Thinking about this as early on in the project as possible (especially in the development phase) will save time later on when dealing with defects that are raised because the application does not deal with these situations.
Entry field validations
- How many characters can be entered into a field?
- Is the field numeric so it needs to be restricted so that only numbers can be entered.
- If the field relates to a backend object what happens if the user enters a greater amount of characters.
- Can the field have decimal places – if so how many and how should this be catered for?
Usually, and trust me from experience, the dreaded termination occurs where the entire Odata service abends which is a really bad user experience. If users receive this message during testing it can greatly impact on confidence levels so best to think about these things in advance. These are only some questions that need thought when handling validations on entry fields, there are many more.
While one part is actually determining the validations that need to be made, the other part is determining what is shown to the user when a validation result comes back. What is shown to the user can also be different depending on what the result is. Here are a few examples of what I am conveying here.
Figure:5 Entry Field Validations – Incorrect format
This example shows the response to the user if the input entered is in the wrong format. A simple toast message is applied to let the user know that what was entered does not conform to the format required. Note, the additional masking text included in the field to assist the user with this. When designing and developing applications this element provides resilience in the form of transparency. The user knows up front how the field contents need to be entered.
Figure:6 Entry Field Validations – Valid Input but not valid for processing
This example shows the response to the user if the input entered is in the correct format however cannot be processed as it does not meet the criteria for processing – in this case a Goods Receipt. When designing and developing applications this element provides resilience in the form of consistency. If the user was allowed to process documents that were invalid they would not get the same consistent results so in these cases the user should be stopped from progressing.
Figure:7 Entry Field Validations – Invalid Data Entered
This example shows the response to the user if the input entered is in the correct format however is invalid. Normally in these cases errors occur when a value that is not contained in the master table is entered. In the above case, the Storage Bin entered (while meeting the field format) did not actually exist. When designing and developing applications this element provides resilience in the form of reliability. If the user was allowed to carry on and process a Storage Bin that actually did not exist then the application could not reliably process the outcome.

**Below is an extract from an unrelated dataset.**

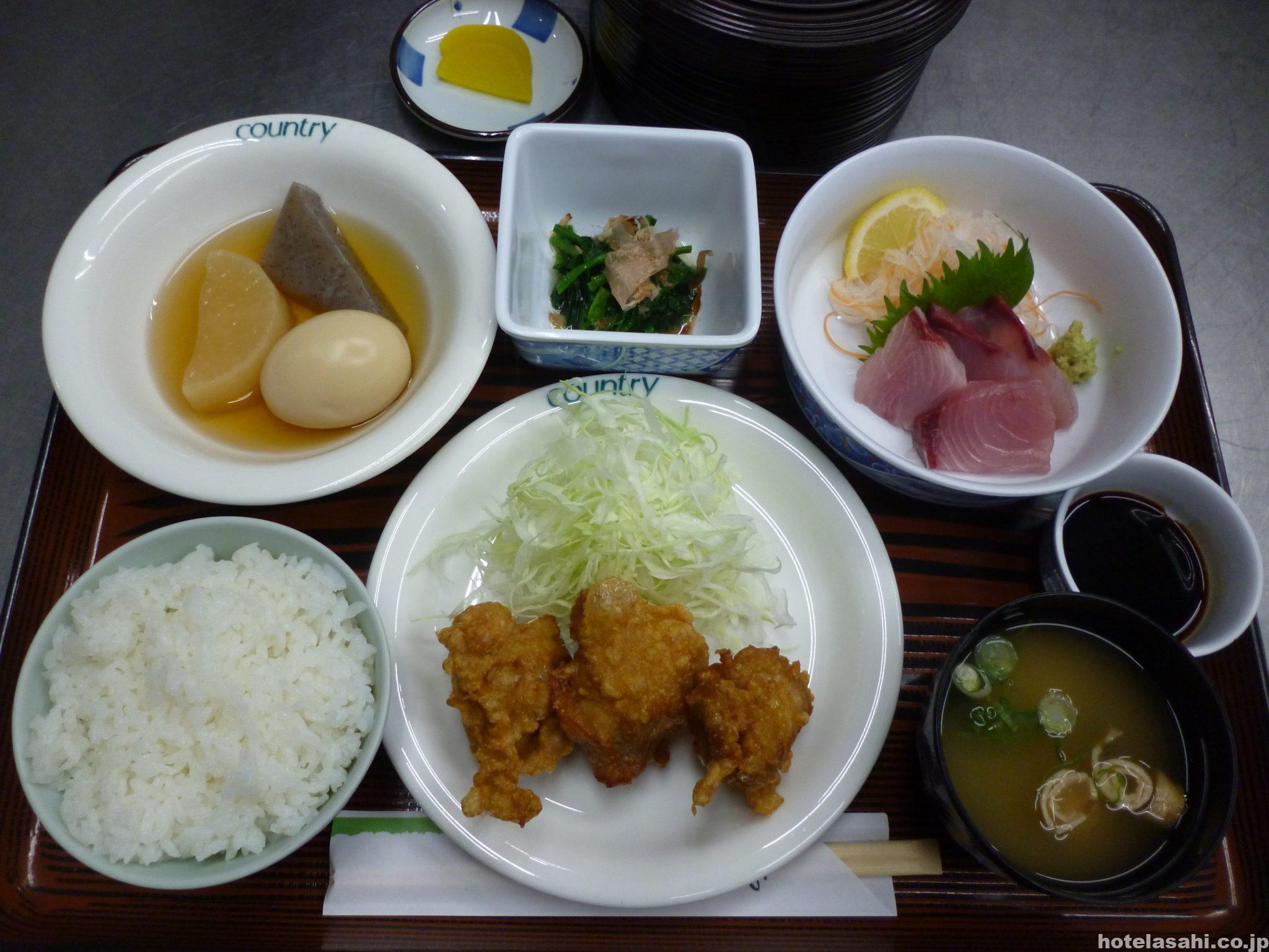 本日のメニューは、ブリ刺身.おでん、鶏から揚げ、ほうれん草のおひたしです。夕食は税込1080円となっております(^^♪

Additionally, the application has wasted time of the user in carrying on throughout the process when in actual fact a more transparent approach will render better results.
- Can negative quantities be entered?
- Can zero quantities be entered?
- Can a quantity greater than expected be entered?
- Does the quantity have to match expected?
- Can the field have decimal places – if so how many and how should this be catered for?
This is definitely one to work out in the UX design phase. Being clear on the quantities that can be entered as well as the validations that need to occur greatly assists with development activities around resilience and of course with the timeline :-). Transparency once again is a key in this category with the following examples covered.
Figure:8 Quantity Validations – Negative quantities
This example shows where a user has entered a negative number. Now you may say – surely a user would not enter a negative quantity….but if they did you would sleep well at night knowing the applications are handling it. Even covering a fringe scenario will make a difference to the overall resilience of the application – reliability and dependability are front and centre here.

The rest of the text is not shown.